Jolene Watanabe
- Full name: Jolene Watanabe-Glitz
- Country (sports): United States
- Born: August 31, 1968
- Died: June 22, 2019 (aged 50)
- Plays: Right-handed
- Prize money: US$ 517,164

Singles
- Career record: 319–270
- Highest ranking: No. 72 (February 3, 1997)

Grand Slam singles results
- Australian Open: 2R (1996, 1997)
- French Open: 3R (1995)
- Wimbledon: 2R (1994, 1996)
- US Open: 2R (1995)

Doubles
- Career record: 103–120
- Highest ranking: No. 142 (April 15, 1996)
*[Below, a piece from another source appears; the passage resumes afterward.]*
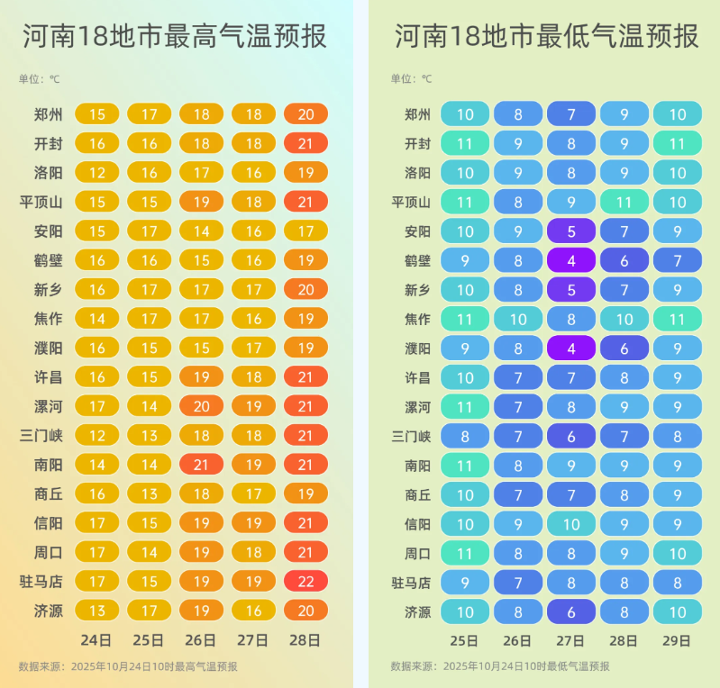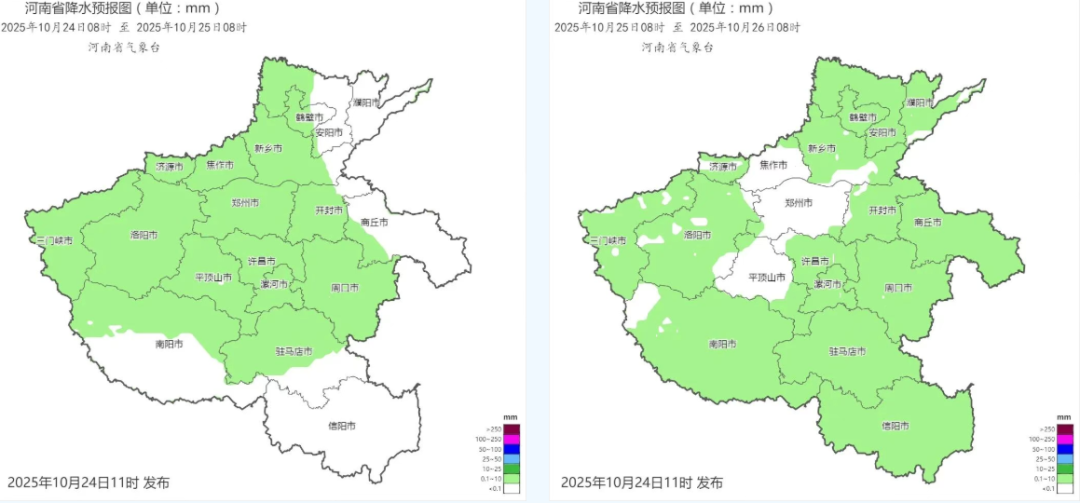 陰雨天氣在河南短暫上線,今天白天,河南省大部有小雨或零星下雨,降水強度不大,持續時間也比較短;今天夜間開始,我省將開啓一段乾燥少雨的時光,預計月底之前,我省天氣多為晴或多雲。充沛的陽光也使得氣温有了明顯的起色,週日起,我省大部的最高氣温回升至20度附近,秋日暖陽即將回歸;不過霜降節氣,往往是秋冬時節中晝夜温差最大的,早晚的寒涼較重,仍需注意保暖。

Grand Slam doubles results
- Australian Open: 1R (1996)

= Jolene Watanabe =

American tennis player (1968–2019)

Jolene Watanabe (August 31, 1968 – June 22, 2019) was an American international tennis player. She competed in the Australian Open 6 times, from 1994 to 2000. Jolene also competed in the French Open, Wimbledon, and the US Open making the second round in each of these tournaments. She obtained a career high singles ranking of 72 in 1997 and included a win over Jennifer Capriati. Jolene previously coached at the Van Der Meer Tennis Academy and most recently coached at Smith Stearns Tennis Academy serving as the Assistant Director. She coached numerous top players during her coaching career. As a junior Jolene played for the Southern California section. She attended the University of Nevada Las Vegas (UNLV) for her D1 collegiate tennis. She died from cancer of the appendix on June 22, 2019, on Hilton Head Island, South Carolina.